What to do: Retype, exactly and completely, the listing that comes next, skipping its images.

Data extract:
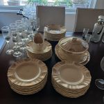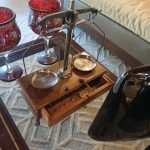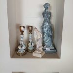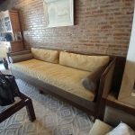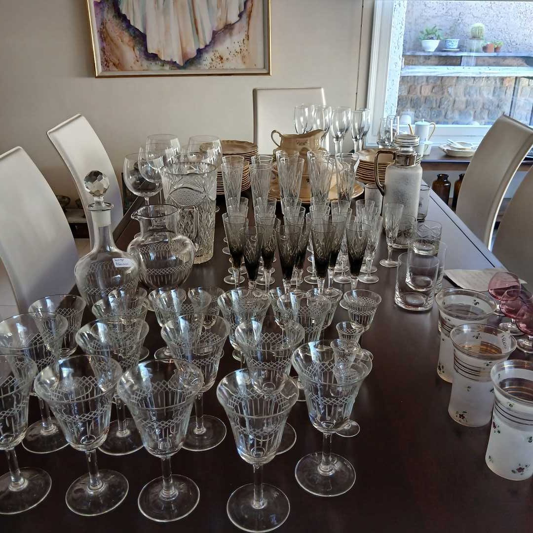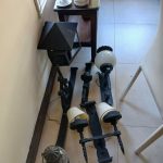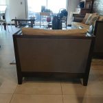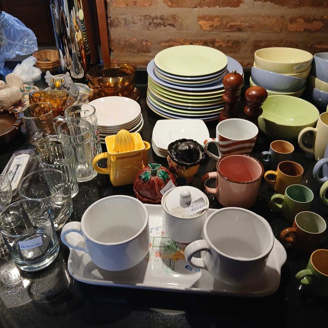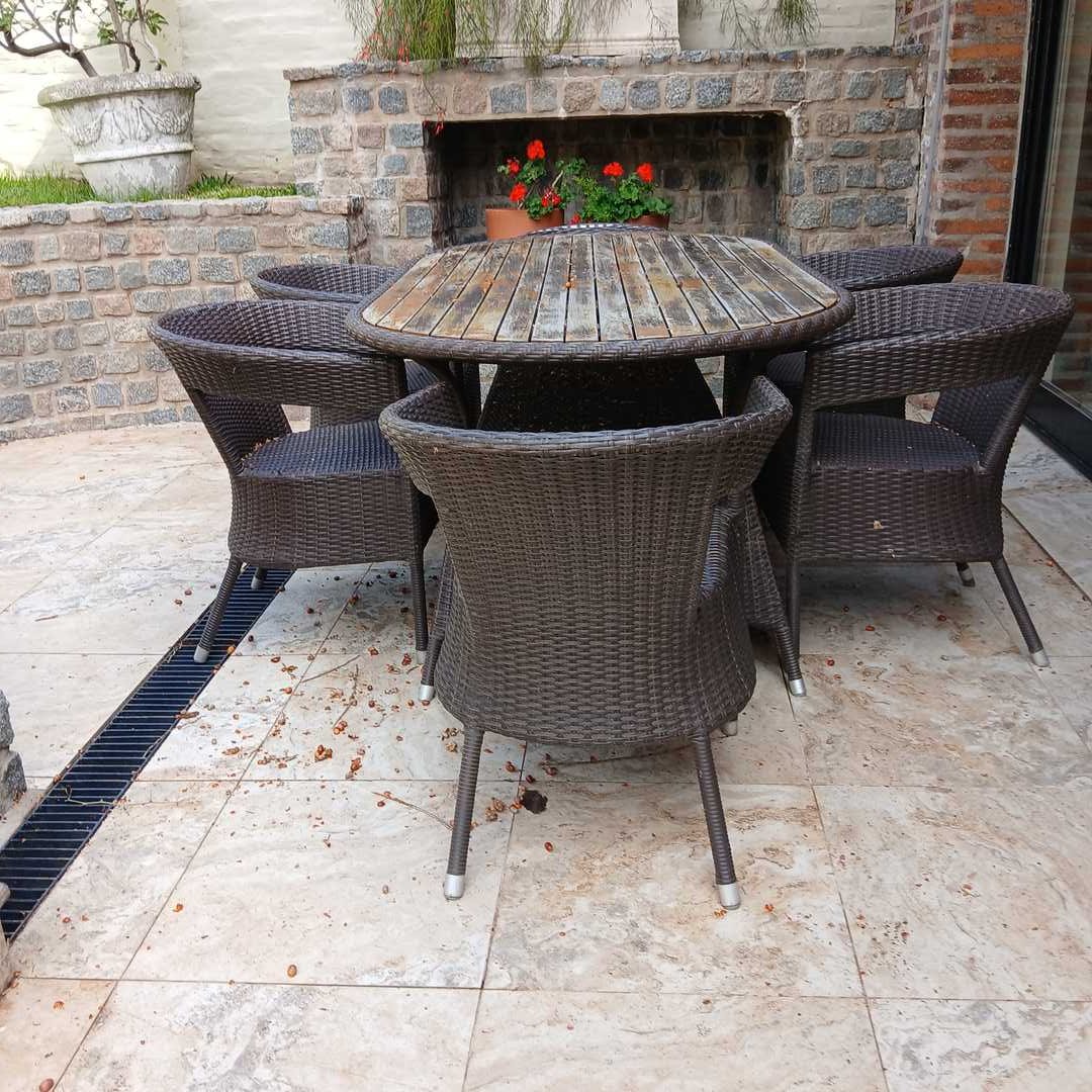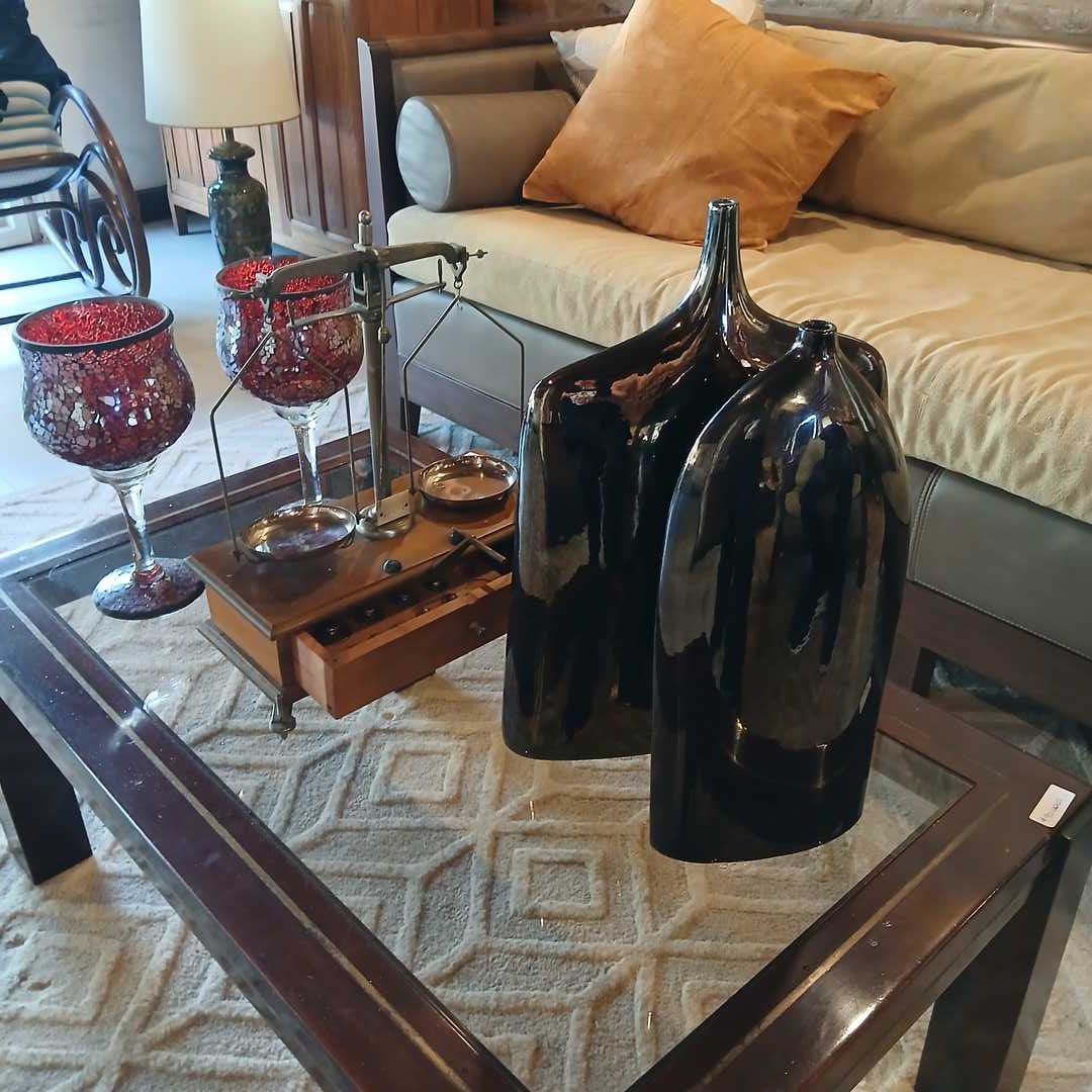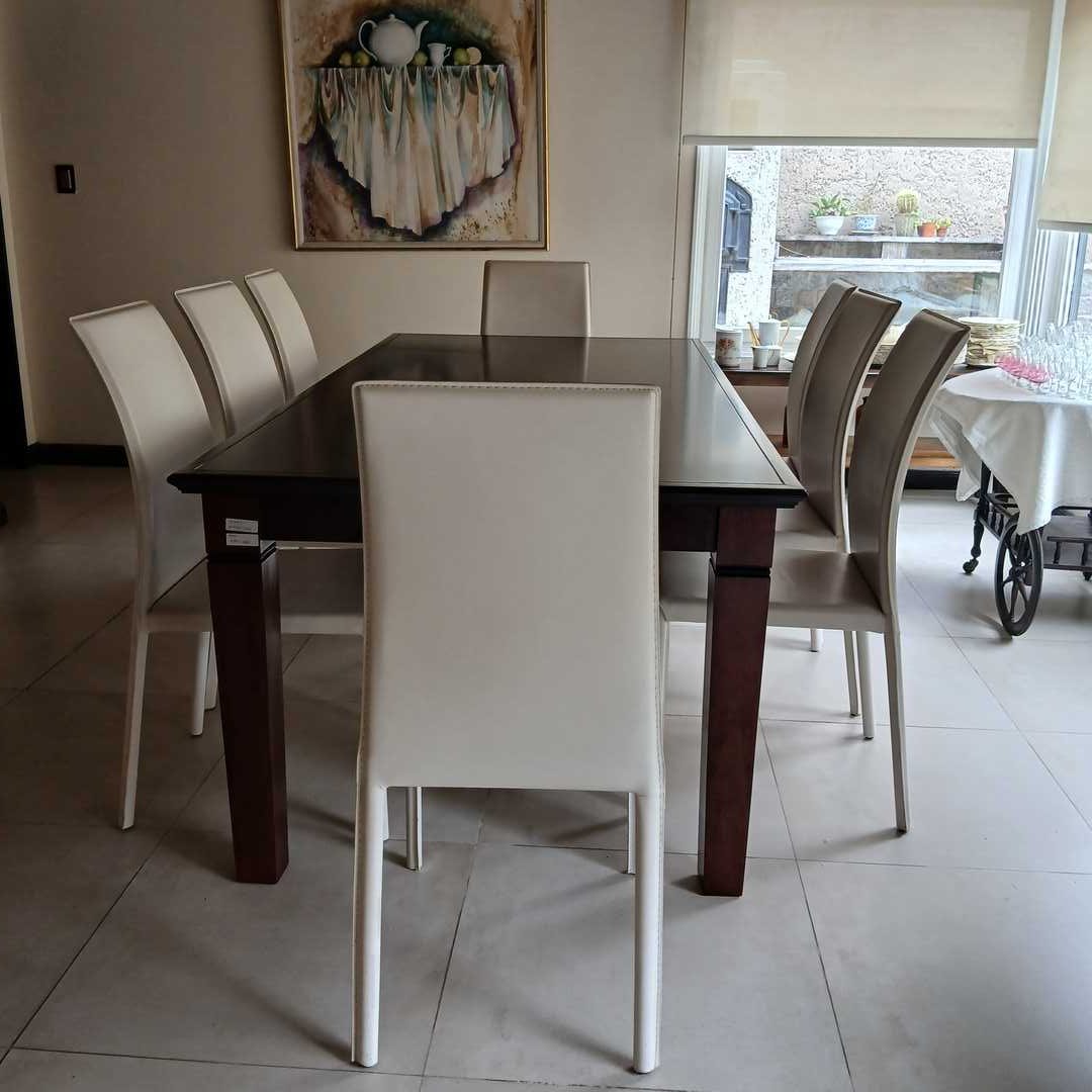 Sofá 3 cuerpos y 1 cuerpo diseño Eugenio Aguirre con base de madera; par sillas estilo Inglés; mesas auxiliares: baja en ratán y vidrio, con tapa de vidrio, para TV, de comedor diario negra, otras; comedor diseño: mesa estilo biedermeier con 8 sillas eco cuero blanco; mueble 2 planos consola, otros bajo 2 cajones y 2 puertas, bajo 3 cajones y 3 puertas, bajo con 8 cajones; mueble para TV con 4 cajones y nicho; escritorio en melanina, cajonera, silla PC-Adornos y vajilla: lote servicio loza Inglesa; cristalería, juego copas, vasos, par copones color; balanza de joyero y de almacén base de mármol y pesas; teléfono candelero negro; espejo de pie patinado en blanco; cuadros decorativos; antigua araña 6 luces; lámparas de mesa bronce-LCD LG; parrilla fuera de borda; vajilla diario, enseres cocina; juego de jardín en ratán sintético: mesa oval y 6 silloncitos; libros; cd´s-Ropa de hombre y mujer, primeras marcas y más…
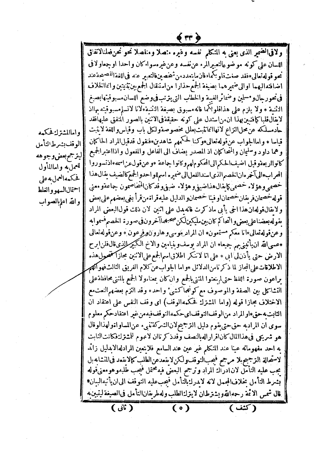 وَأَمَّا الْمُشْتَرَكُ فَحُكْمُهُ الْوَقْفُ بِشَرْطِ التَّأَمُّلِ لِيَتَرَجَّحَ بَعْضُ وُجُوهِهِ لِلْعَمَلِ بِهِ وَأَمَّا الْمُؤَوَّلُ فَحُكْمُهُ الْعَمَلُ بِهِ عَلَى احْتِمَالِ السَّهْوِ وَالْغَلَطِ وَاَللَّهُ أَعْلَمُ بِالصَّوَابِ.
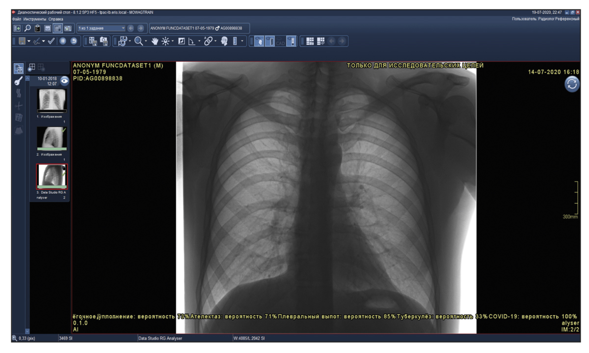 Global investment in developing software based on artificial intelligence (AI) technologies for medical diagnostics was $80 million in 2016 and $152 million in 2017; it is likely to grow continually [1]. In 2019, the Moscow government decided to conduct a large-scale scientific study (which is still ongoing in 2023) to evaluate the use of innovative computer vision technologies for analyzing medical images and further application in the Moscow healthcare system (hereinafter referred to as the Experiment).1

Problem solution:
 Sofá 3 cuerpos y 1 cuerpo diseño Eugenio Aguirre con base de madera; par sillas estilo Inglés; mesas auxiliares: baja en ratán y vidrio, con tapa de vidrio, para TV, de comedor diario negra, otras; comedor diseño: mesa estilo biedermeier con 8 sillas eco cuero blanco; mueble 2 planos consola, otros bajo 2 cajones y 2 puertas, bajo 3 cajones y 3 puertas, bajo con 8 cajones; mueble para TV con 4 cajones y nicho; escritorio en melanina, cajonera, silla PC-Adornos y vajilla: lote servicio loza Inglesa; cristalería, juego copas, vasos, par copones color; balanza de joyero y de almacén base de mármol y pesas; teléfono candelero negro; espejo de pie patinado en blanco; cuadros decorativos; antigua araña 6 luces; lámparas de mesa bronce-LCD LG; parrilla fuera de borda; vajilla diario, enseres cocina; juego de jardín en ratán sintético: mesa oval y 6 silloncitos; libros; cd´s-Ropa de hombre y mujer, primeras marcas y más…
 وَأَمَّا الْمُشْتَرَكُ فَحُكْمُهُ الْوَقْفُ بِشَرْطِ التَّأَمُّلِ لِيَتَرَجَّحَ بَعْضُ وُجُوهِهِ لِلْعَمَلِ بِهِ وَأَمَّا الْمُؤَوَّلُ فَحُكْمُهُ الْعَمَلُ بِهِ عَلَى احْتِمَالِ السَّهْوِ وَالْغَلَطِ وَاَللَّهُ أَعْلَمُ بِالصَّوَابِ.
 Global investment in developing software based on artificial intelligence (AI) technologies for medical diagnostics was $80 million in 2016 and $152 million in 2017; it is likely to grow continually [1]. In 2019, the Moscow government decided to conduct a large-scale scientific study (which is still ongoing in 2023) to evaluate the use of innovative computer vision technologies for analyzing medical images and further application in the Moscow healthcare system (hereinafter referred to as the Experiment).1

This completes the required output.